I was reminded of these emotions when I came across a sketch by Turner called Inside Yordas Cave. The cave is in a valley behind my house in the Yorkshire Dales. It is a peculiar drawing. Its wild and jagged lines are unlike Turner’s customary measured precision. It looks like a section from a seismograph. When Turner visited Yordas it was a show cave on the Victorian tourist trail, complete with local guides carrying candles and torches. Having now drawn in Yordas I know that even modern headtorches provide only sufficient light to gather broad impressions, but not enough to uphold a clear view.

Although my cave drawings attempt to depict what’s actually there, they are equally informed by the shapes I have to make with my body, the complexity and texture of rock formations, the taste of fellwater, numbing coldness, sounds of cascades and drips, smells of earth and ionised air and a fear of the dark. I like to think that Turner too, quite unintentionally, drew what it felt like to be there.
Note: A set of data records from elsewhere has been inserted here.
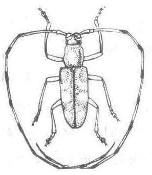 | 释义 | 黄星天牛yellowspotted longicorn beetlePsacothea hilaris (Pascoe),又称长角天牛、黄点天牛、剥皮蛀等。鞘翅目,天牛科。分布于中国华东及河北、广东、四川、云南等地;日本和朝鲜半岛也有分布。寄主有桑、无花果、面包果、油桐。成虫体长15~23 mm,体翅黑色,密生黄色短毛,鞘翅上有大小不一的黄色斑纹。幼虫体圆筒形,黄白色,长22.5~32mm,前胸硬皮板黑色长方形,两侧角各有一褐色三角形凹入。成虫食害桑叶、叶脉、嫩枝、枝皮,幼虫在桑枝干皮下蛀食。一年发生1~2代,以幼虫在桑树干内越冬。防治方法,捕捉成虫,刮杀卵、幼虫;农药(50%杀螟松250倍或20%灭蛀灵50倍液)喷树干。
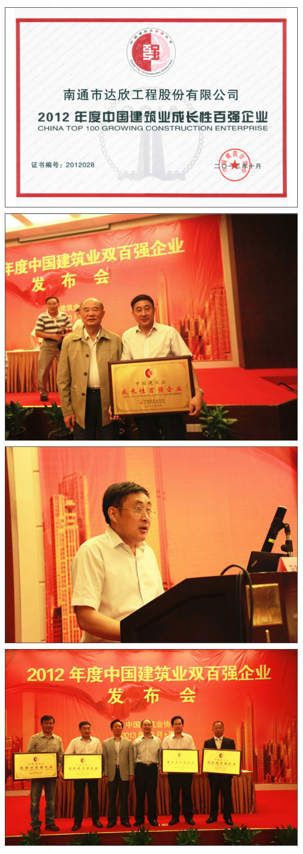 會議發布了2012年度中國建筑業雙百強企業,南通市達欣工程股份有限公司再次入選成長性百強企業(綜合排名位列第28名,比去年排名提高了21位);會議向2012年度中國建筑業雙百強企業頒發牌證,我公司作為獲獎企業代表上臺領取獎牌;會議還同時進行了中國建筑業雙百強企業代表經驗交流,公司董事長馬和軍作為江蘇地區代表、作為成長性百強企業代表在會上作了“砥礪奮進,拼搏進取,實現企業新跨越”的經驗交流。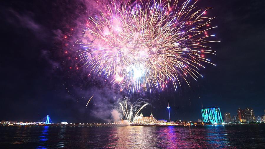 9月23日在淡水漁人碼頭拍攝的煙花秀。當(dāng)日,臺灣淡水漁人碼頭舉辦煙花秀,迎接中秋佳節(jié)。 新華社記者 金良快 攝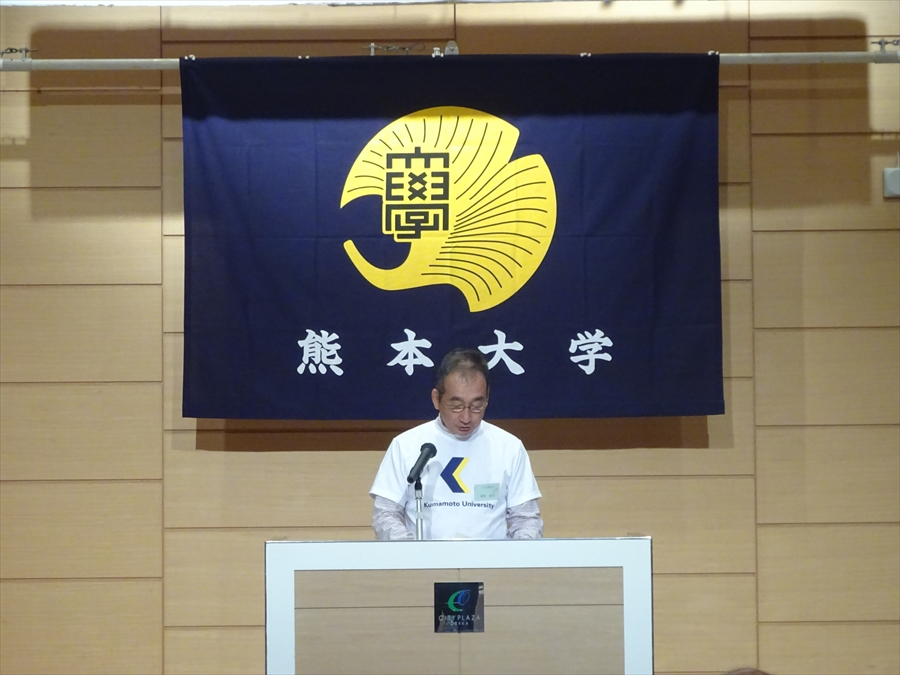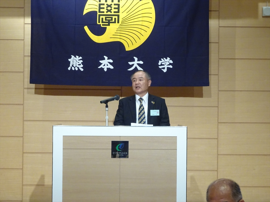 小川学長が到着され、ご挨拶と共に熊大の現状と未来についての貴重なお話をお伺いすることができました。続いて水元理事・副学長、伊藤文学部長、大日方法学部長よりご挨拶を頂きました。
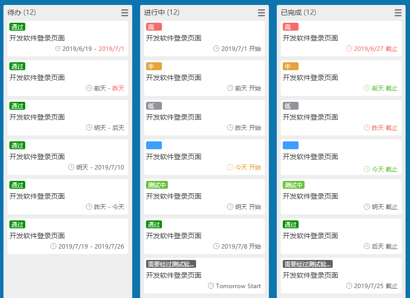 • 绿色:当将已完成的任务拖拽到完成列或勾选截止日期前的完成选项时,开始和截止时间都会显示为绿色,代表任务已经完成。

I’m not claiming him as the first Expressionist, but I think, like mine, his hand was driven as much by disorientation and shivers of cold and fear as by what he saw.

Marcel Dzama on William Blake’s The Wood of the Self-Murderers: The Harpies and the Suicides 1824–7

like the softness of the watercolour and the lusciousness of the trees in this image. It contrasts with the tone of the story. Blake has taken a scene from Dante’s Inferno - the Second Ring of the Seventh Circle of Hell – in which Dante comes across the souls of those who committed suicide and have to endure eternity in the form of trees. The moving, breathing trees are prisoners rooted to the ground. The nesting harpies – birds with human heads – that feed on their leaves are the gatekeepers to the trees.

If you look closely, you can see how one of the trees bleeds when Dante pulls off a branch. This tree carries the spirit of Pietro dell Vigne, a man who died by dashing out his own brains. Blake’s interpretation of this story is my favourite, and has influenced the way I render my characters. You can often see tree men in my work.